Premier: estoński CIT i środki z UE impulsami fiskalnymi w przyszłym roku
Estoński CIT i środki z UE będą impulsami fiskalnymi w przyszłym roku – mówił w czwartek premier Mateusz Morawiecki. Zwrócił też uwagę na sytuację na Białorusi; jego zdaniem turbulencje za wschodnią granicą tworzą przestrzeń dla nieznanych do tej pory ryzyk.
„Gigantycznym impulsem fiskalnym może być estoński CIT. (…) Bardzo dużym impulsem fiskalnym będą też środki z Unii Europejskiej (…). Bardzo dużym impulsem fiskalnym jest Fundusz Inwestycji Publicznych, który my rozpoczynamy w tym roku, a który w przyszłym roku będzie rozkręcany” – powiedział premier.
Morawiecki podkreślił, że w Brukseli udało się wynegocjować gigantyczny budżet, a ogromne środki zaczną wpływać już w przyszłym roku.
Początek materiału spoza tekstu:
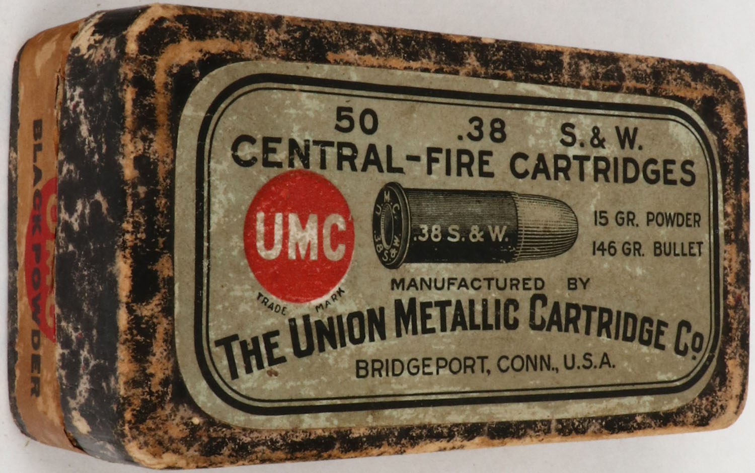 UMC, .38 S&W, 15 Gr. Powder, 146 Gr, Bullet, Partial 42rds., 2pc. Black mottled box with gray top & buff side sealing labels, box is solid with excellent color, very minor age soiling, edge & corner wear, side sealing label is 60% intact, ammo is excellent. (608) Grade: Very Good ++ - Value: 10 to 50

Premier zauważył, że Komisja Europejska zachęca nas do wykorzystywania tych pieniędzy jak najszybciej.
Jak powiedział, przez siedem lat będziemy mieli do wykorzystania ok. 700 mld zł, co oznacza, że ponad jedna siódma może wpłynąć w przyszłym roku.
„Nasze mechanizmy absorpcyjne są do tego gotowe” – zapewnił premier. Licząc do polskiego PKB byłoby to ok. 4,5 proc. w inwestycjach. To może oznaczać, że założenia do przyszłorocznego budżetu są konserwatywne – wskazał.
Premier zwrócił też uwagę na sytuację związaną z Białorusią. W pewnych obszarach może to działać na korzyść dla Polski, jeśli chodzi o zapewnienie pracowników dla polskiego rynku pracy.
Z drugiej jednak strony, zauważył premier, turbulencje za wschodnią granicą tworzą przestrzeń dla zupełnie nieznanych do tej pory ryzyk. Możliwość długotrwałej recesji na Białorusi minimalnie uderzyłaby w polską gospodarkę, ale konsekwencje polityczne mogłyby być bardziej dotkliwe.
„Może to (…) pogorszyć sentyment co do tej części Europy dla inwestorów z zewnątrz, ze Stanów Zjednoczonych. Niestety takie czynniki trzeba też brać pod uwagę” – powiedział.
Tymczasem, jak mówił premier, rząd liczy mocno na to, że będą przesuwane inwestycje do Europy Środkowej i Polski.
Mówiąc o impulsach fiskalnych, minister finansów Tadeusz Kościński wskazał, że w przyszłym roku będą wypłacane 13. i 14. emerytury, a nakłady na zdrowie zostaną zwiększone do 5,3 proc. PKB, a na sektor obrony wyniosą 2,2 proc. PKB.